Users of Hpricot (which WWW::Mechanize is using as the default html parser) may have discovered that the buffer size for attribute values is set to 16384 bytes default. Typically this isn’t a problem, I mean who would put 16Kb of data into an HTML attribute? Well, ASP.NET uses a hidden input field to store view state in order to save a few clock cycles on the server side (and spare developers the hazzle of coding view state).
Typically, developers tend to forget to turn off view state resulting in a lot of data that never is used. The guy who made the decision to have this default view state behaviour has probably caused a lot of unnecessary bytes clogging your internet connection (as it typically is included in each request).
If you are using mechanize and/or Hpricot to parse such a site you may have come across this error:
ran out of buffer space on element , starting on line 38. (Hpricot::ParseError)
Fortunately, from version 0.5 of Hpricot it is easy to increase the buffer size before loading data.
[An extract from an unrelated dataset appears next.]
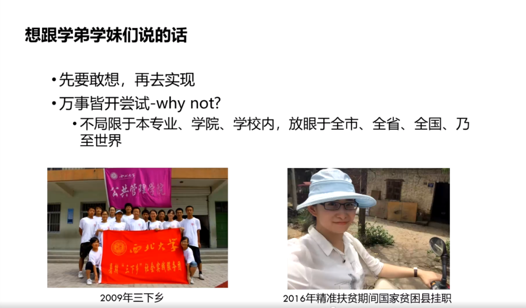 现在香港岭南大学任助理教授的石琤学姐从自己的个人履历讲起,谈到她从西大社保本科毕业后保送到人大读研,工作两年后开始读博,再出国留学,做博士后,她感恩西大社保专业带给她成长道路上的每一点进步以及科研上的起步,谈到西大社保专业开的课程很丰富,很受用,专业实习也很有用。在分享中,石琤学姐提到她在读书时,看到身边很多同学朋友已经工作几年实现经济独立的心理落差,学姐向同学们分析了直接读博和先工作后读博的利弊,让在校生们感触多多的同时也启发多多,最后学姐也给同学们留下寄语,让同学们不要太计较当下的得失(特别是失),也勉励同学们“天下没有免费的功夫,所有付出都有回报;此处不开花,自有花开处”。

This is done by setting the buffer_size attribute to a sufficiently large number:
[source:ruby] require ‘hpricot’ Hpricot.buffer_size = 262144 [/source]
As mechanize uses Hpricot as the default parser this error will happen when loading many ASP.NET pages. Fortunately, mechanize allows the user to specify a custom parser class through the pluggable_parser attribute. To make mechanize use Hpricot with a larger buffer size:
[source:ruby] require ‘hpricot’ require ‘mechanize’
Hpricot.buffer_size = 262144 agent = WWW::Mechanize.new agent.pluggable_parser.default = Hpricot agent.get(‘http://www.peterkrantz.com/wp-content/uploads/2007/02/viewstatesample.htm') [/source]
…and we’re back on track mechanizing the world again.